» **WORK REQUEST**
In the records below, find the line containing "Há ainda casos", then copy that line and all lines after it, exactly, omitting every picture.

━━━━━━━━━━

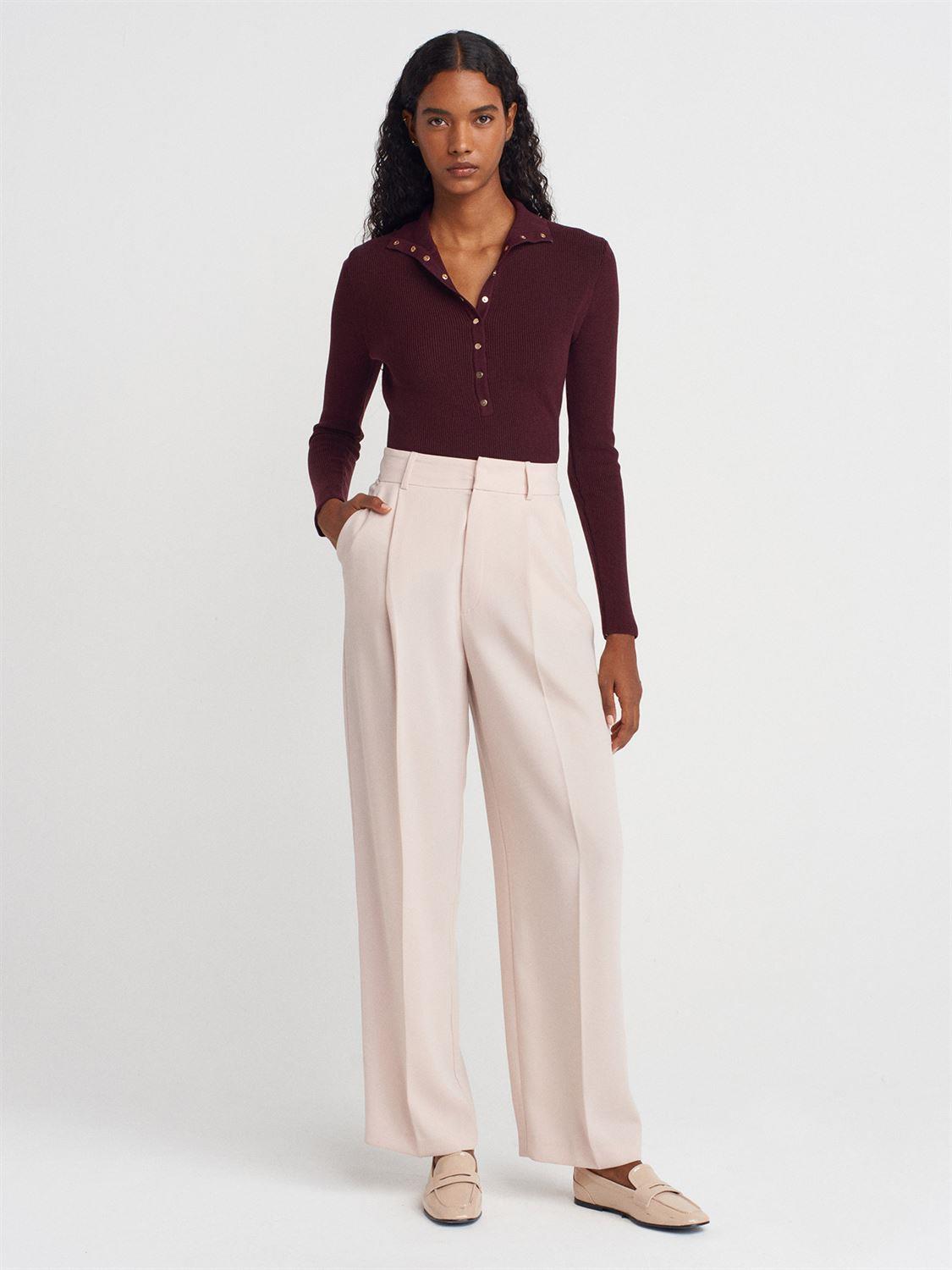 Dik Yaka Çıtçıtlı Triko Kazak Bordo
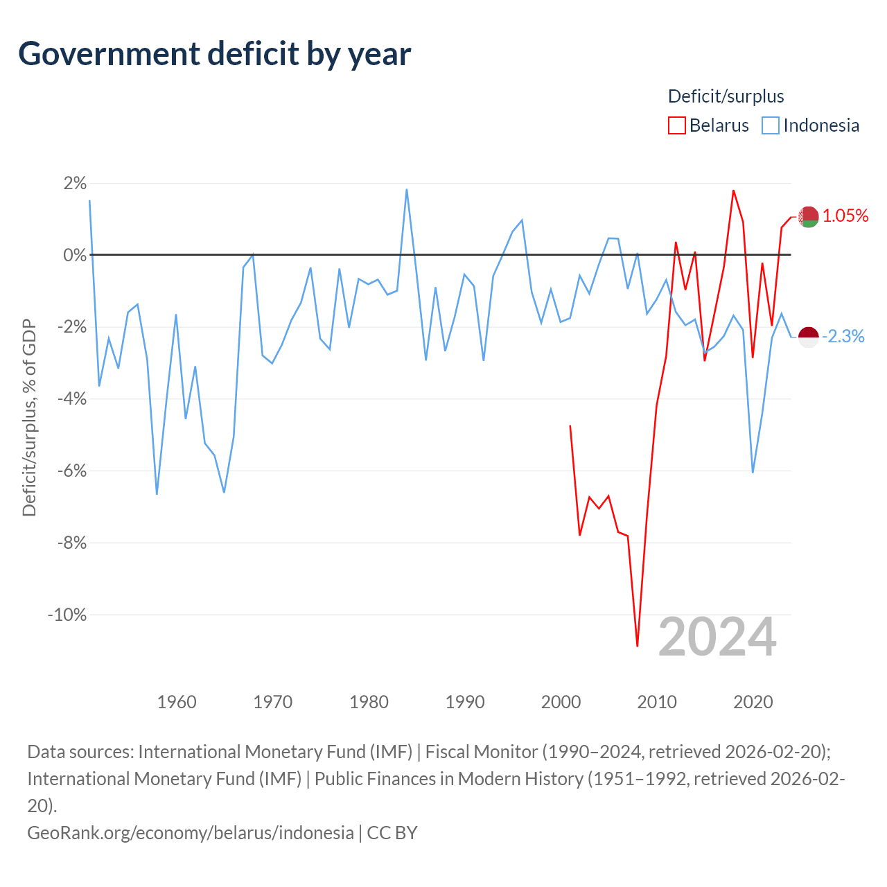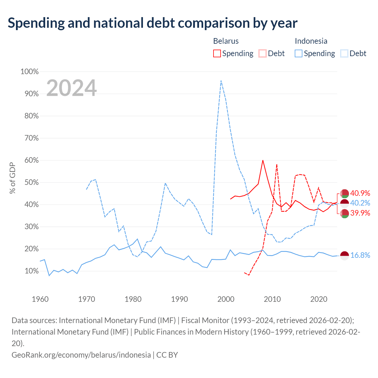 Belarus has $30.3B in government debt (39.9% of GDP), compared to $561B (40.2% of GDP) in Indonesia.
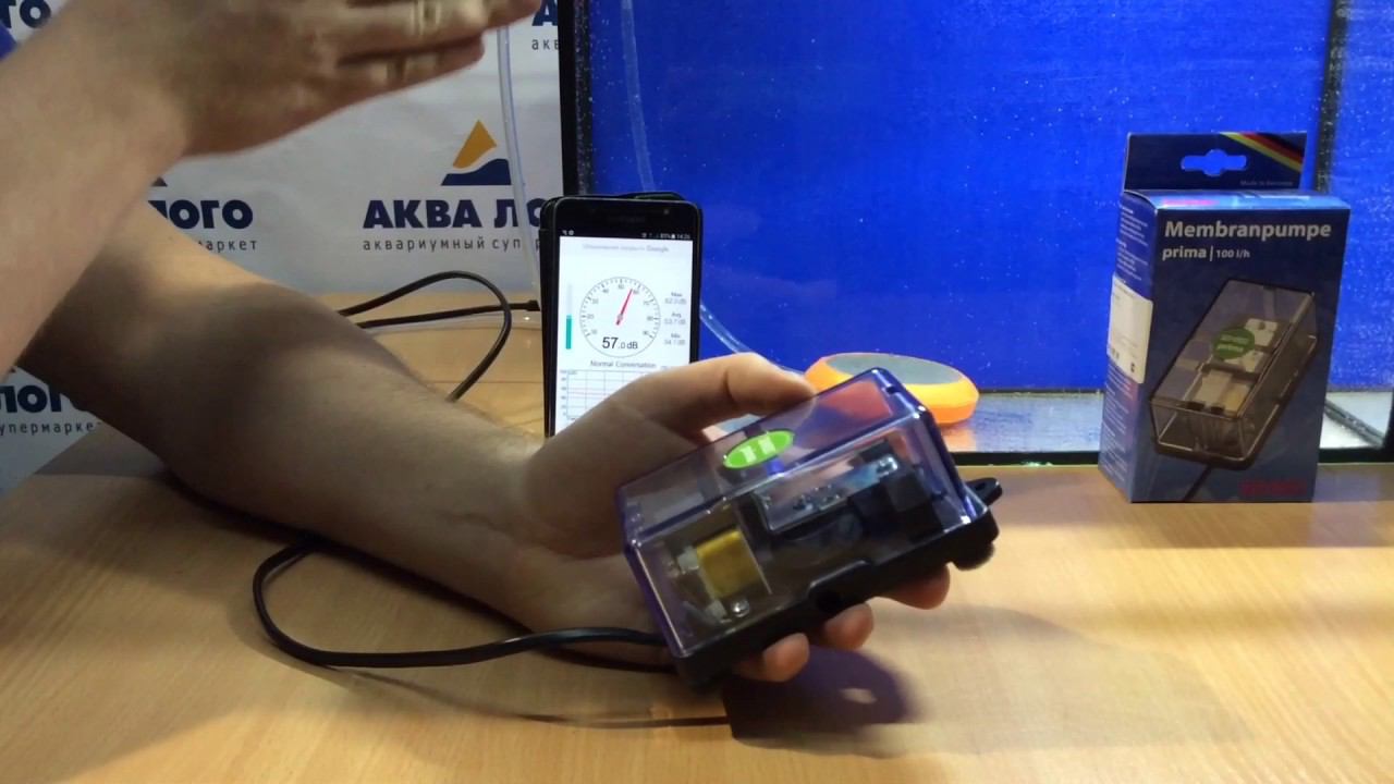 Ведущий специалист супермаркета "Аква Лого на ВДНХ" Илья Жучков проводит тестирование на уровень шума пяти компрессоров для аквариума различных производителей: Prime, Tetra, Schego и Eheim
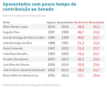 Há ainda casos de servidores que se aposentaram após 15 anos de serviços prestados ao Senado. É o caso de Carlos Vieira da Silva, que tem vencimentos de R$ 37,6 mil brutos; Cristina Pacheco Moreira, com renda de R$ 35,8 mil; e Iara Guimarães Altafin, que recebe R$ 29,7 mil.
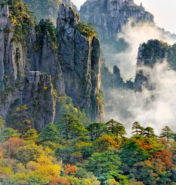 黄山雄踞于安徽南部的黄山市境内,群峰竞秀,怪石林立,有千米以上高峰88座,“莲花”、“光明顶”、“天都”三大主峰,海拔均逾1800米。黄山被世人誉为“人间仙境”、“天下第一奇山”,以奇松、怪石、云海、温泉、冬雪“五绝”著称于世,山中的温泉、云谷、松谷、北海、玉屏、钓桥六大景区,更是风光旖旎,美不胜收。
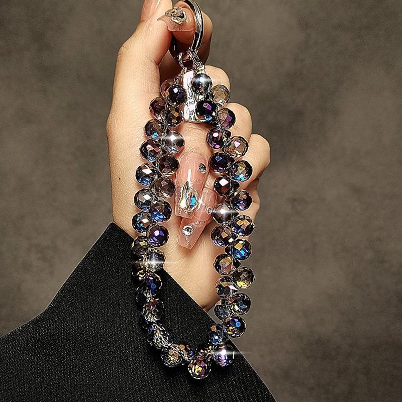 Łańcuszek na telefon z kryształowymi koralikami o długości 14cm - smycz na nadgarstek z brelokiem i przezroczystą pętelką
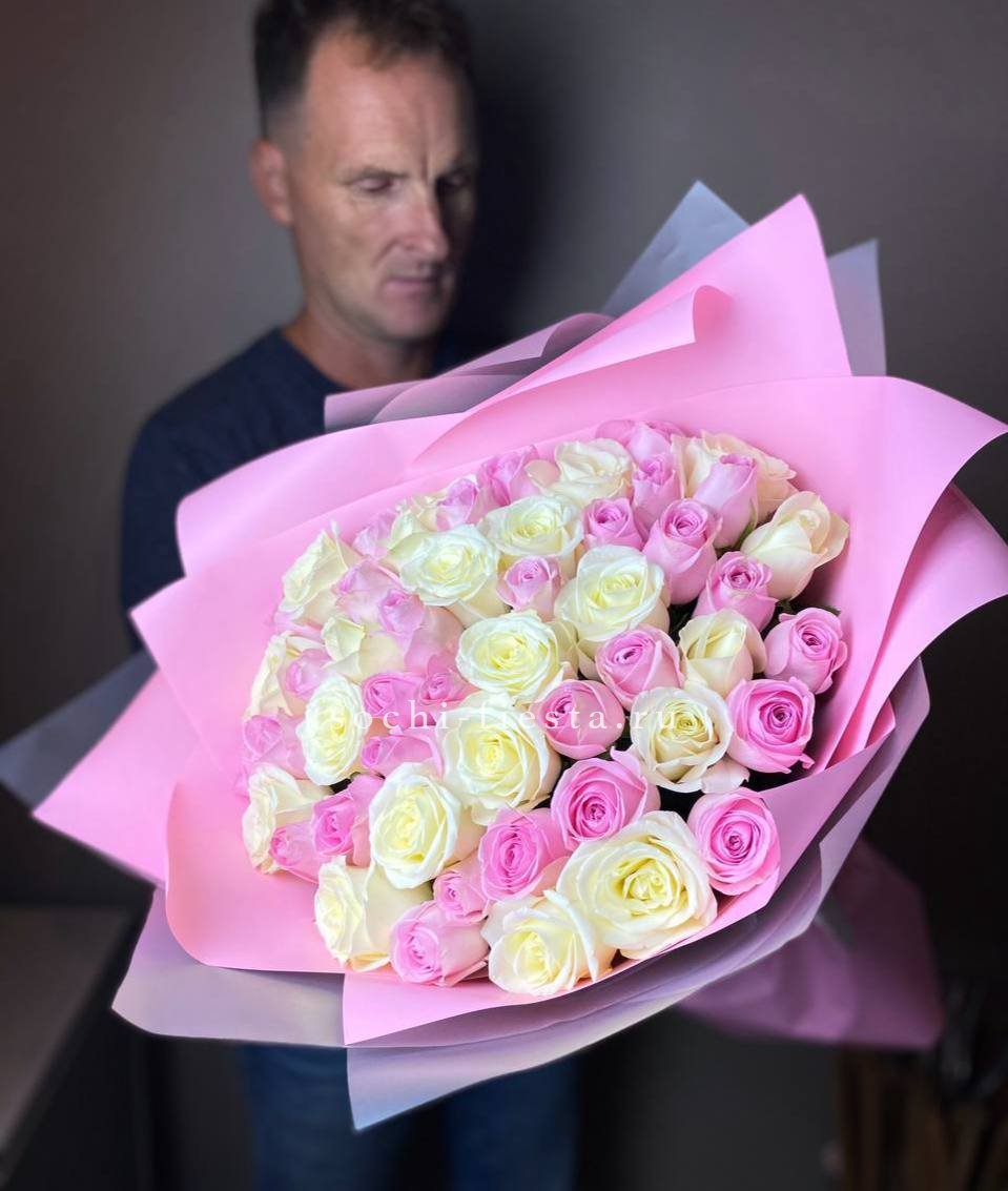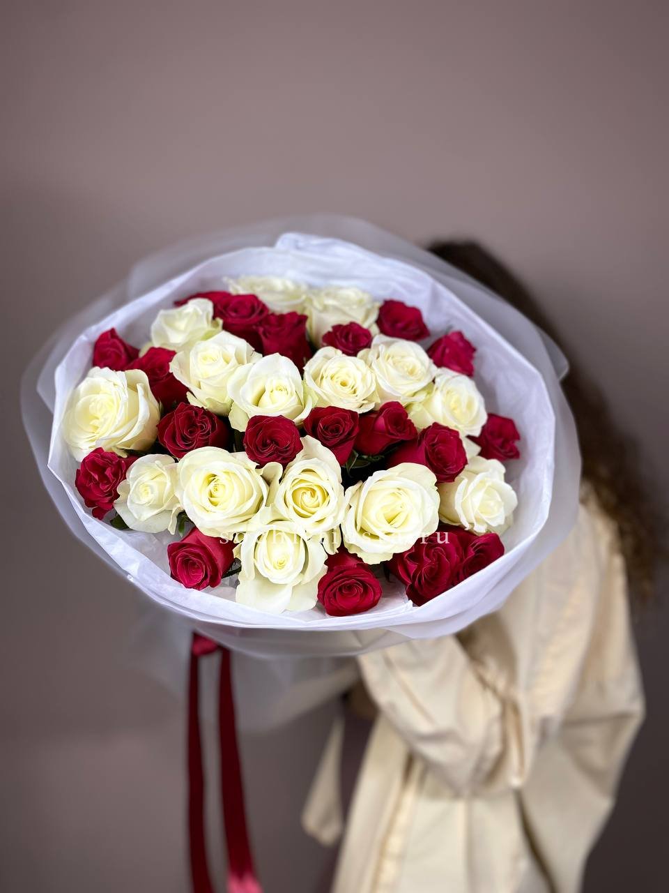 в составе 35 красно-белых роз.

━━━━━━━━━━

» **RESULT**
 Há ainda casos de servidores que se aposentaram após 15 anos de serviços prestados ao Senado. É o caso de Carlos Vieira da Silva, que tem vencimentos de R$ 37,6 mil brutos; Cristina Pacheco Moreira, com renda de R$ 35,8 mil; e Iara Guimarães Altafin, que recebe R$ 29,7 mil.
 黄山雄踞于安徽南部的黄山市境内,群峰竞秀,怪石林立,有千米以上高峰88座,“莲花”、“光明顶”、“天都”三大主峰,海拔均逾1800米。黄山被世人誉为“人间仙境”、“天下第一奇山”,以奇松、怪石、云海、温泉、冬雪“五绝”著称于世,山中的温泉、云谷、松谷、北海、玉屏、钓桥六大景区,更是风光旖旎,美不胜收。
 Łańcuszek na telefon z kryształowymi koralikami o długości 14cm - smycz na nadgarstek z brelokiem i przezroczystą pętelką
 в составе 35 красно-белых роз.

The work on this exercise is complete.